* To do *
No pictures belong in the copy. Retype exactly, and only, the stretch of lines below from the one with "在这样的频率曲线中(图1.1" through the one with "商洛市委社会工作部、市教育局".

** Data follows **

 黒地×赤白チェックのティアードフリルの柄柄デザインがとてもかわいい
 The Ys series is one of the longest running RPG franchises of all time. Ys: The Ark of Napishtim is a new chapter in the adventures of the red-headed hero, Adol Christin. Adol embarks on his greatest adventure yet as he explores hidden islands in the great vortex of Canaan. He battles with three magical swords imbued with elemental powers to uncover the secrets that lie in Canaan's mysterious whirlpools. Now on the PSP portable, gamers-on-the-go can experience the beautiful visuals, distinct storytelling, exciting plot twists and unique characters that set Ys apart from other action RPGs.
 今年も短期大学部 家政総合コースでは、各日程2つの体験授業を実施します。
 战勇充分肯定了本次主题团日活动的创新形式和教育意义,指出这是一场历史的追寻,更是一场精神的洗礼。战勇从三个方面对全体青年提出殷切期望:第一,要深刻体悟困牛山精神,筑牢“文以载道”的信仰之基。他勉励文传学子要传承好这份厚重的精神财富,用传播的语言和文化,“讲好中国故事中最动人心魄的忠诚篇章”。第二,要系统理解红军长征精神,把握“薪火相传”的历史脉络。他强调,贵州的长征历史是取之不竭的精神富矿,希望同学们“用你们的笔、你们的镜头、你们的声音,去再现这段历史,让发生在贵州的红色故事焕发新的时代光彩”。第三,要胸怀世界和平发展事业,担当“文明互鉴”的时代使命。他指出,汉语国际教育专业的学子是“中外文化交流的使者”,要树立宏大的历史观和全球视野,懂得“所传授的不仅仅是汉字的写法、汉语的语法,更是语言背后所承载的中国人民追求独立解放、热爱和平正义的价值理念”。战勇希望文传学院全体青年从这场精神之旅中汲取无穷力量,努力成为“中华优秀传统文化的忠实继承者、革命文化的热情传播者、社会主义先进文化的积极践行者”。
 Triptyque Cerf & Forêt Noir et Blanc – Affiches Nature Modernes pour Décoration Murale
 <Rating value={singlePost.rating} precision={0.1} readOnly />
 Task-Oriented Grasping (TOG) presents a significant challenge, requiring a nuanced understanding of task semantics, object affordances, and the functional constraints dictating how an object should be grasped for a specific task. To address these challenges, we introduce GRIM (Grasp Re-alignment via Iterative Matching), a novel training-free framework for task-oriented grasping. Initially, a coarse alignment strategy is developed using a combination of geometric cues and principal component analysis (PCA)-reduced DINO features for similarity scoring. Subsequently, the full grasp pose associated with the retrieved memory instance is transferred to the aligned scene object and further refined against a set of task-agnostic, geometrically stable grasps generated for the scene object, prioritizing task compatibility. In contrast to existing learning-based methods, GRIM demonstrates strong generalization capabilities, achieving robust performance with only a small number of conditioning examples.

** End of Data **
** Data follows **

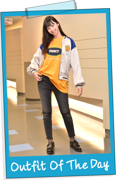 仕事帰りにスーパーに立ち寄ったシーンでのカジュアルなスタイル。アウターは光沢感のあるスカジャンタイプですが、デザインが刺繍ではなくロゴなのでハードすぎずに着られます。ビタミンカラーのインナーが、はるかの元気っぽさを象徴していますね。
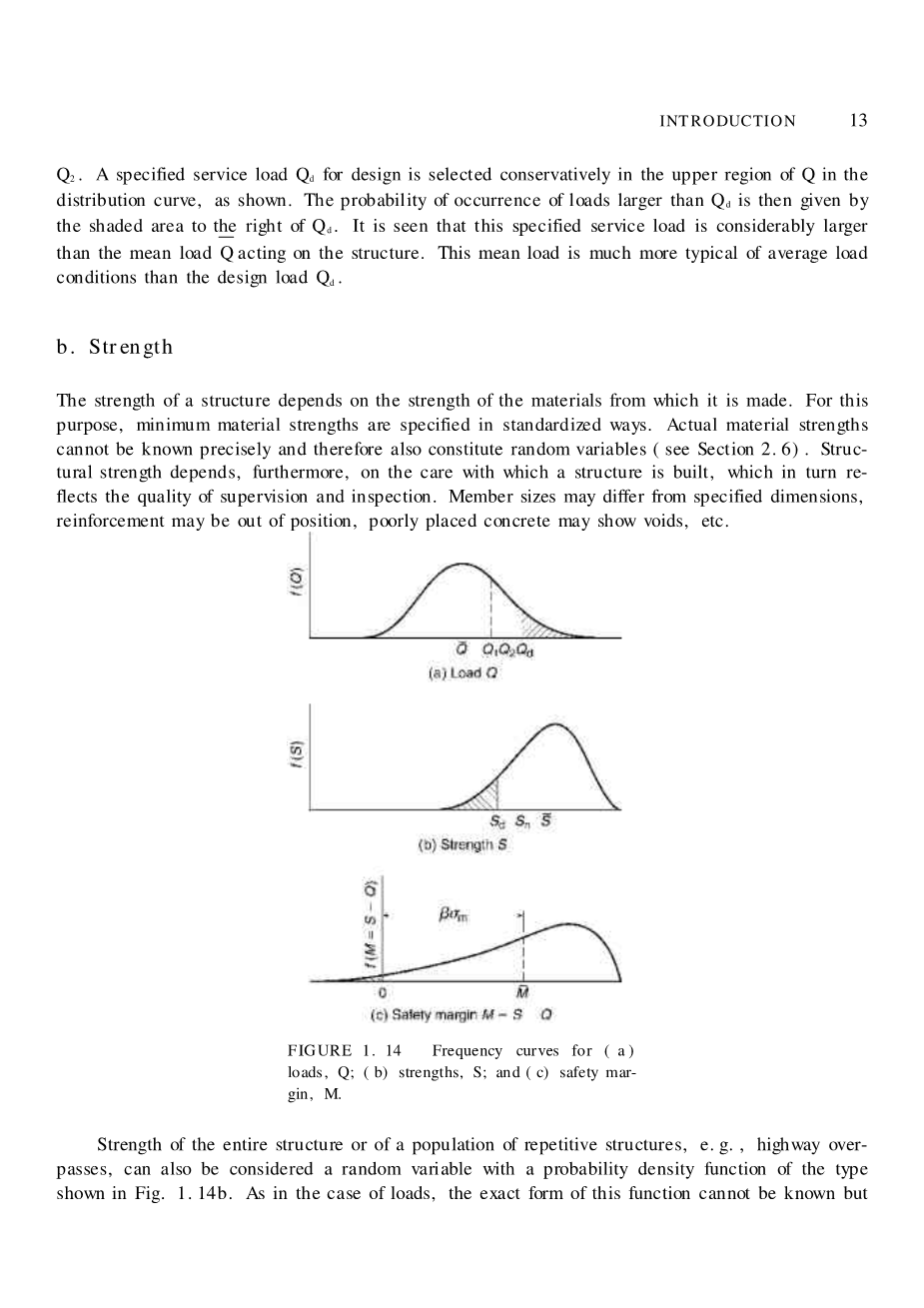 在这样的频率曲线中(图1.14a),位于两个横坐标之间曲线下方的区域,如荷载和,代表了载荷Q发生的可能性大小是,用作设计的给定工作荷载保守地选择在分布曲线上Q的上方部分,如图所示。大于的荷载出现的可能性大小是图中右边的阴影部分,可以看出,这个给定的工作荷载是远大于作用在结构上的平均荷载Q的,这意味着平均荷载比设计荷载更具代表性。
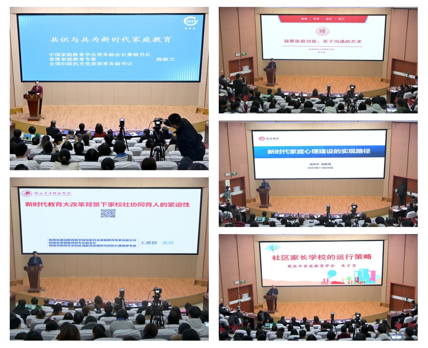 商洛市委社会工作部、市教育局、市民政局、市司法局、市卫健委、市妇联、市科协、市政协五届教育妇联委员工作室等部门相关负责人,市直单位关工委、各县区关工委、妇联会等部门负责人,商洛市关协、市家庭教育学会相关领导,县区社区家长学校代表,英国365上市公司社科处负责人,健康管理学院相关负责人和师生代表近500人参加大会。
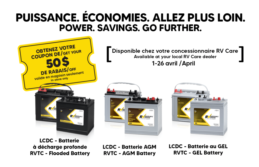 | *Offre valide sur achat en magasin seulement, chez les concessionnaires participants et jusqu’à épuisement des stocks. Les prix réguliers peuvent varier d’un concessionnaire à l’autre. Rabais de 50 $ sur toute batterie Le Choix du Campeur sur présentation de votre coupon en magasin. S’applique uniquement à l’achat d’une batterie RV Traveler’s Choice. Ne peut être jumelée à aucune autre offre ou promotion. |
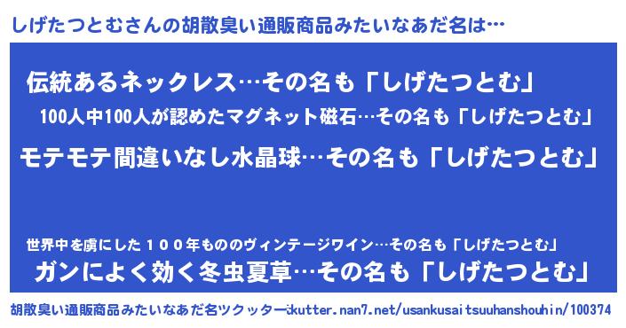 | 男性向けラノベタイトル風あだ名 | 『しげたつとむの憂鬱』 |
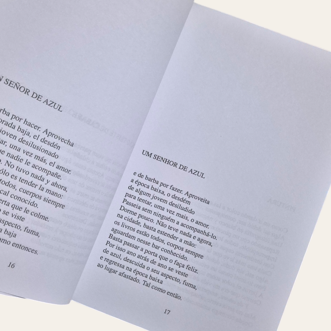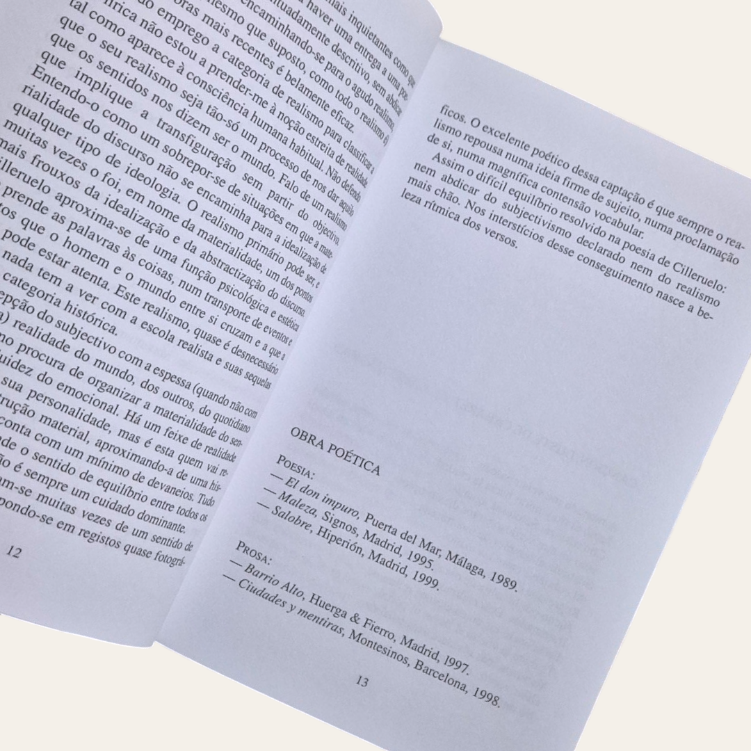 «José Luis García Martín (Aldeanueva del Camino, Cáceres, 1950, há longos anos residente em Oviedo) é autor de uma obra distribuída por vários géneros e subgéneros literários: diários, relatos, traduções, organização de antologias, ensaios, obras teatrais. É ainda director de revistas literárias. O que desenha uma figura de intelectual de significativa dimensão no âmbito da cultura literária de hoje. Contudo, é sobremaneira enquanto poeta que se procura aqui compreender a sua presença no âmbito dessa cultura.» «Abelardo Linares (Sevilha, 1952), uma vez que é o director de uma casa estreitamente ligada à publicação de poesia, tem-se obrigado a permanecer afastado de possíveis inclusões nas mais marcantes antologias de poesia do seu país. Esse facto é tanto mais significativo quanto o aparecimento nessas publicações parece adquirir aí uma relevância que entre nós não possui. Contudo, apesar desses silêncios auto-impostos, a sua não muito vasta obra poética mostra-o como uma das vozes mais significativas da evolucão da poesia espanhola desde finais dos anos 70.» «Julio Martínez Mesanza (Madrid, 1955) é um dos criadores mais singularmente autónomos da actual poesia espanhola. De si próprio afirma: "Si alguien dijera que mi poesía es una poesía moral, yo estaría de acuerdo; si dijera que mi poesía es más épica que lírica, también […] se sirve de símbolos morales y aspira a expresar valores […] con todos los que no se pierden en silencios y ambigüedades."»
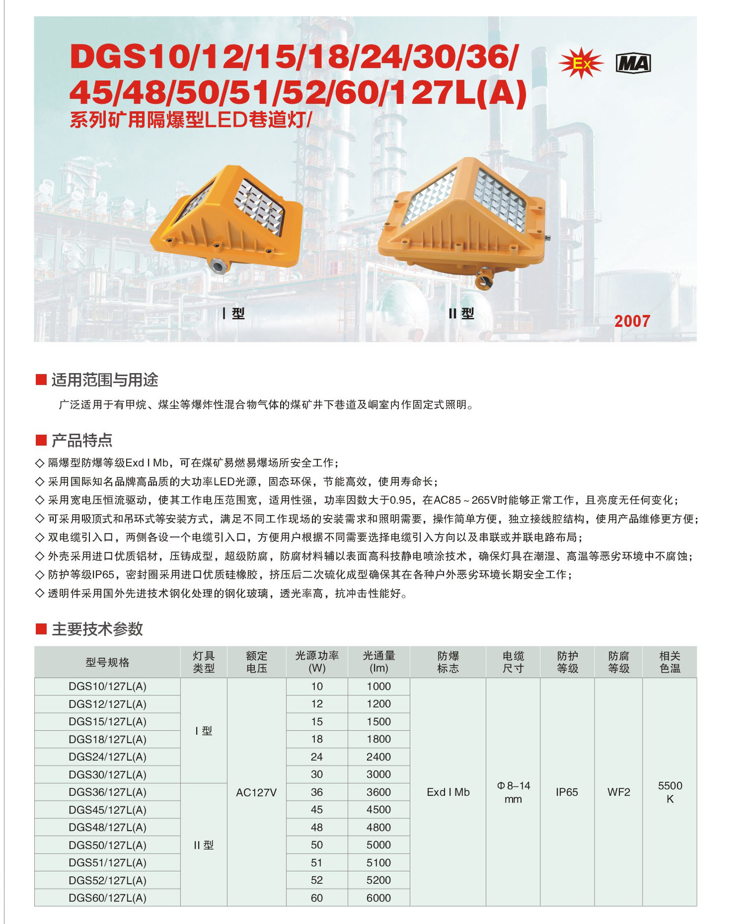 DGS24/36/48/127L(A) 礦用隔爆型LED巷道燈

** End of Data **

* Answer box *
 在这样的频率曲线中(图1.14a),位于两个横坐标之间曲线下方的区域,如荷载和,代表了载荷Q发生的可能性大小是,用作设计的给定工作荷载保守地选择在分布曲线上Q的上方部分,如图所示。大于的荷载出现的可能性大小是图中右边的阴影部分,可以看出,这个给定的工作荷载是远大于作用在结构上的平均荷载Q的,这意味着平均荷载比设计荷载更具代表性。
 商洛市委社会工作部、市教育局、市民政局、市司法局、市卫健委、市妇联、市科协、市政协五届教育妇联委员工作室等部门相关负责人,市直单位关工委、各县区关工委、妇联会等部门负责人,商洛市关协、市家庭教育学会相关领导,县区社区家长学校代表,英国365上市公司社科处负责人,健康管理学院相关负责人和师生代表近500人参加大会。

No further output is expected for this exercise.